L’ouverture de la politique linguistique française au plurilinguisme alla de pair avec l’émergence d’un courant de recherche sur le plurilinguisme émanant de chercheurs en didactique d’une approche singulière* (L. Dabène en espagnol, Candelier en allemand, Kervran en anglais, pour n’en citer que quelques uns). Ces chercheurs, initialement spécialistes d’une seule langue, ont choisi de s’ouvrir à la pluralité des langues et d’initier une réflexion autour de la didactique du plurilinguisme. Candelier (2008) contribua tout particulièrement à la caractérisation des approches plurielles.
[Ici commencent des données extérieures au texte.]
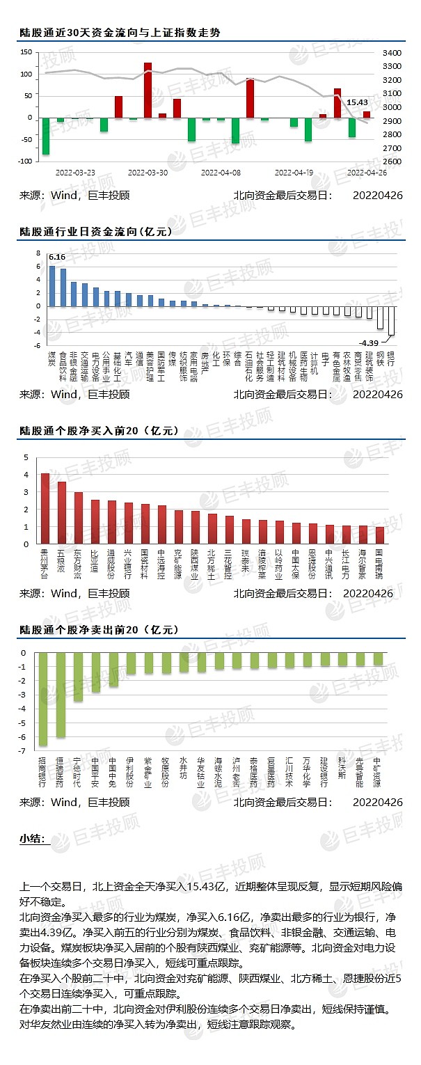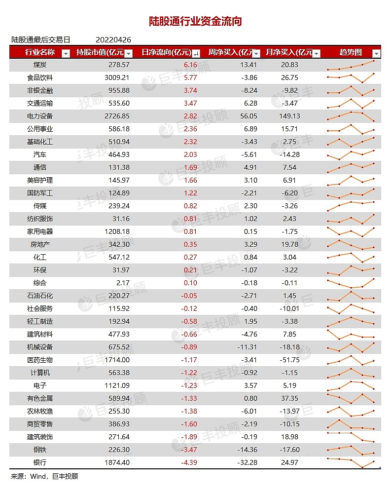 北向资金净买入最多的行业为煤炭,净买入6.16亿,净卖出最多的行业为银行,净卖出4.39亿。净买入前五的行业分别为煤炭、食品饮料、非银金融、交通运输、电力设备。煤炭板块净买入居前的个股有陕西煤业、兖矿能源等。北向资金对电力设备板块连续多个交易日净买入,短线可重点跟踪。

C’est en tant que didacticienne de l’anglais, formatrice à l’ÉSPÉ, que nous souhaitons nous inscrire, modestement, dans ce courant en prenant appui sur les travaux de ces chercheurs. Il nous semble, en effet, que mettre en œuvre des approches plurielles au collège, avec l’aide d’enseignants d’anglais, ne saurait que contribuer à une meilleure appréhension de leur valeur ajoutée. Cependant, il est nécessaire d’analyser les programmes d’enseignement de cette discipline afin d’en étudier la possibilité.

1.2.4. Le monolinguisme au cœur de la politique linguistique française : synthèse La politique linguistique française est fortement marquée par le monolinguisme qui a permis à la nation de créer son identité. Or, la prééminence de l’anglais par la mondialisation menace le rayonnement du français en tant que langue de diffusion mondiale, voire simplement européenne. La lutte contre l’hégémonie de l’anglais ne peut se faire qu’en s’unissant entre peuples européens : c’est en s’ouvrant à la diversité que l’enseignement du français peut être maintenu à l’étranger. Un tel accord mène à une diversification de l’offre linguistique sur le sol national. Ce sont, d’ailleurs, bien souvent les didacticiens des L1 ou des L2 qui ont initié la réflexion autour de la didactique du plurilinguisme.